Aber der sitzt doch inzwischen in Haft.

Ja, aber die Anklage lautete auf das Hinterziehen von drei Millionen Euro an Steuern. Am ersten Verhandlungstag hat Hoeneß von sich aus auf 15 Millionen erhöht, am Ende waren es 28. Dabei hatte die Staatsanwaltschaft ein Jahr lang ermittelt und lag trotzdem gewaltig daneben.
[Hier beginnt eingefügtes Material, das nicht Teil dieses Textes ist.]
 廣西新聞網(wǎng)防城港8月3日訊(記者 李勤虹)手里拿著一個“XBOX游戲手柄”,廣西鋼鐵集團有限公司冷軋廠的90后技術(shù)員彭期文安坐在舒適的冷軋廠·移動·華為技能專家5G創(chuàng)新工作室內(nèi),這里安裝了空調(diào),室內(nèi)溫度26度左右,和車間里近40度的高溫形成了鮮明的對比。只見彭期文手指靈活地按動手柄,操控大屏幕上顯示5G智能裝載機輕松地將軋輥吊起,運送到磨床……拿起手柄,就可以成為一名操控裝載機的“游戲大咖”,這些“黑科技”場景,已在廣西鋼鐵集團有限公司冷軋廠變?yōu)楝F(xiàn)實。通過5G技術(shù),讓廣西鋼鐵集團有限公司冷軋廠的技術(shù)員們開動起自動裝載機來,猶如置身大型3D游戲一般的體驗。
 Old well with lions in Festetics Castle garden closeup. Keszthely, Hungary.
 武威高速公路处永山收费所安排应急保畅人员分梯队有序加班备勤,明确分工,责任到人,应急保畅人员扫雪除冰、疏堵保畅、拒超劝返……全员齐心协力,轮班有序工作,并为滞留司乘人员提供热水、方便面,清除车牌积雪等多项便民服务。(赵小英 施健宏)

Da sehen Sie mal, wie schwierig das sein kann, vor allem wenn der Steuerhinterzieher und sein Anwalt mauern.

Im vergangenen Jahr hat es eine wahre Flut von Selbstanzeigen gegeben, seit Anfang dieses Jahres sind die Voraussetzungen für die Selbstanzeige erschwert worden. Werden die Steuerhinterzieher, die noch nicht erwischt worden sind, jetzt lieber pokern?
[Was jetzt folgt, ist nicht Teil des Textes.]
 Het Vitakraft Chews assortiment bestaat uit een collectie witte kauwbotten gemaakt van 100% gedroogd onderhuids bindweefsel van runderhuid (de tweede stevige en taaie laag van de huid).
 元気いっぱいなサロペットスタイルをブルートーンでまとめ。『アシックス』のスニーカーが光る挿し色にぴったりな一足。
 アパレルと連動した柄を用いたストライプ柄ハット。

Für größere Fälle ist es seit Anfang des Jahres teurer geworden. Aber für viele Steuerhinterzieher ist das kein Argument, die Leute haben ja Geld. Was schwerer wiegt: Seit diesem Jahr muss man sich für zehn Jahre zurück ehrlich machen, um einer Bestrafung zu entgehen, vorher waren es in den meisten Fällen fünf Jahre. Man muss jetzt also für zehn Jahre rückwirkend eine korrekte und vollständige Selbstanzeige machen, um Straflosigkeit zu erreichen. Das ist nicht leicht. Man braucht Wochen, um die Daten für die vergangenen zehn Jahre zusammenzutragen. Schwieriger wird es noch, wenn Unterlagen im Ausland liegen. Oder wenn Kunden bei der HSBC oder anderen Banken in der Schweiz angekreuzt haben, dass sie gar keine Unterlagen haben wollen. Das rächt sich heute. Die Unterlagen im Nachhinein anzufertigen, ist teuer und dauert lange. Und wehe Sie vergessen etwas, dann ist es aus mit der Straflosigkeit. Jede neue Selbstanzeige ist ein großes Risiko und erfordert eine intensive Beratung.
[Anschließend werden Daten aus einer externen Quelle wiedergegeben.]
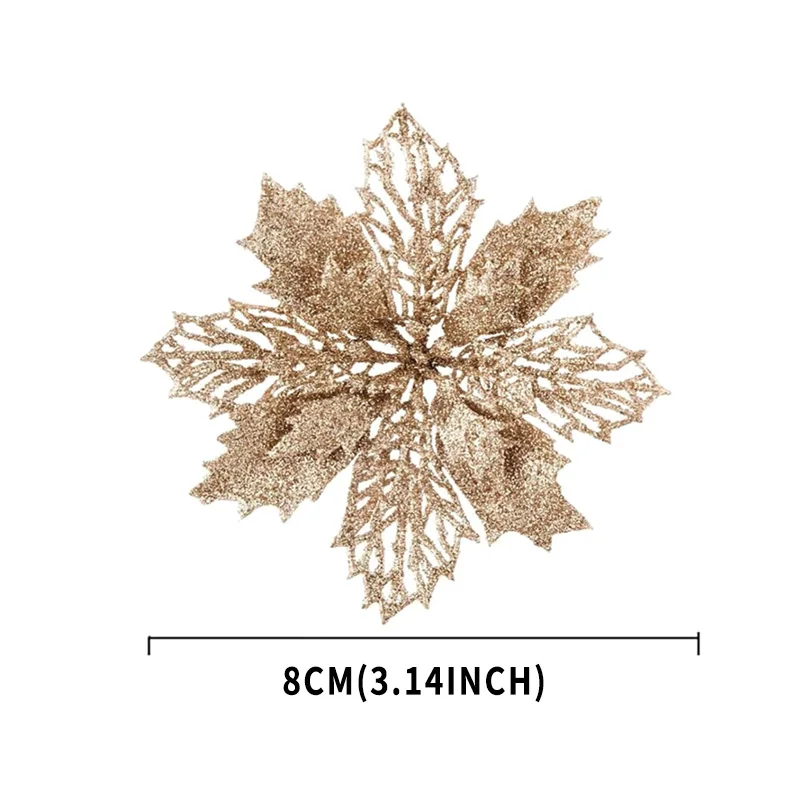 8cm Christmas Flower Ornaments – Festive Sparkle for Your Holiday Decor

Thomas Eigenthaler (56) ist gelernter Steuerinspektor und Steuerjurist. Jahrelang hat er ein Finanzamt in Stuttgart geleitet, bis er 2011 Chef der Deutschen Steuergewerkschaft (DSTG) geworden ist. Als stellvertretender Bundesvorsitzender gehört Eigenthaler auch zum Führungskreis des Deutschen Beamtenbunds (dbb). Die DSTG vertritt die Beamten und Angestellten in den Finanzämtern und anderen Steuerbehörden. Von den 110 000 Beschäftigten in der Steuerverwaltung sind über 70 000 in der Gewerkschaft organisiert. Die DSTG setzt sich für bessere Arbeitsbedingungen ein, meldet sich aber auch in steuerpolitischen Debatten zu Wort.